Open source software continues the march toward world domination, but the bright open promise dims
Is it right to complain about all of the nice elves at Google who work all night to add new features to the Android stack just because outsiders don't have much of a say in what the elves do? We're all free to fork the code even if this cuts us off from Google's approval.
Issues like this expose just how dependent the open source projects are upon revenue from other sources, usually hardware sales. Sun made its money from selling servers, and it often excused open source as a way to make the servers more desirable. Oracle has always embraced many hardware platforms, and it's not clear that Sun's legacy hardware business can grow very much. Google is driven by advertising revenue, and perhaps the Android phones exist to ensure that Google can continue to remain useful when people use their phones to access the Web.
When open source advocates proudly talk about programmers who are paid to contribute, they're often talking about programmers who are paid by hardware companies. Most of the Linux kernel development is supported by the hardware companies. The kernel developers may be coveted by these chip manufacturers who want to be sure that they can keep some of the Linux market, but the developers are nothing more than mercenaries. Open source licenses pretty much ensure that the developers will remain ronin, the Japanese word for samurai who wander from warlord to warlord looking for a paycheck.
Indeed, Google's purchase of Motorola Mobility prompted many to note that Android's openness was limiting its success. Controlling the hardware and gaining the revenues from selling it is one easy way to support open source developers. Now Google will be able to earn something beyond nebulous ad revenues from the sale of an Android phone.
Linux and the other big open source projects stand in a strange place. They've achieved great influence and taken over larger and larger shares of the computing memespace, but they've never achieved the traditional economic power wielded by kings of proprietary software like Larry Ellison and Bill Gates.

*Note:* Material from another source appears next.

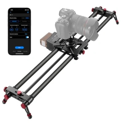 【Versatile & Smooth Camera Slider】 This 31.5"/80cm long remote camera slider automatically moves your camera back and forth for professional video shooting. Ideal camera accessories & content creator essentials/influencer must haves for photography. The max load is 11lb horizontally and 5.5lb when tilting up 45°. Note: Minor shake may occur when using slider for macro photography 【Smart Two Way Control】The camera slider video maker supports APP and 2.4G remote control (not included), offering manual, video, and time lapse modes. Easily set speed, interval, and exposure for smooth and precise motion, making it ideal for creative shots, product videos, and time lapse photography. 【Silent Motor & Long Battery Life】The electric camera slider mount features a silent stepper motor for smooth, quiet camera movement. Powered by the included 4400mAh NP-F750 battery or a 5V 2A Type C portable charger (NOT included), it lets you film continuously for hours 【Multiple Shooting Angles】Adjust the side knobs for creative shots—set opposite angles for tracking or 120° panoramas, or keep them centered for horizontal shots. The slider also supports 45° tilt and 90° vertical shooting for versatile camera movement 【Lightweight & Built to Last】The carbon fiber build of this camera dolly ensures a rugged and stable structure while making the motorized video slider lightweight for outdoor photography. The 4 roller bearings provide extra balance and anti shake effects. With 1/4” and 3/8” threaded holes for mounting on tripods

This, of course, was always the point. Open source was to win the hearts and minds of the programmers by making everyone a full partner in the code. The trouble is that making everyone a full partner destroys the easiest lever for strong-arming the users into paying for the development.
Thus, open source both succeeds and fails because of its openness. No one has found a way around the essential weaknesses, but that's not always a problem -- no one has found a way to block the strengths either.
Bossie 2011 winners:
Bossie Awards 2011: The best open source software of the year
Bossie Awards 2011: The best open source applications
Bossie Awards 2011: The best open source desktop and mobile software
Bossie Awards 2011: The best open source application development software
Bossie Awards 2011: The best open source data center and cloud software
This article, "Bossie Awards 2011: The best open source software of the year," was originally published at InfoWorld.com. Follow the latest developments in open source at InfoWorld.com. For the latest business technology news, follow InfoWorld.com on Twitter.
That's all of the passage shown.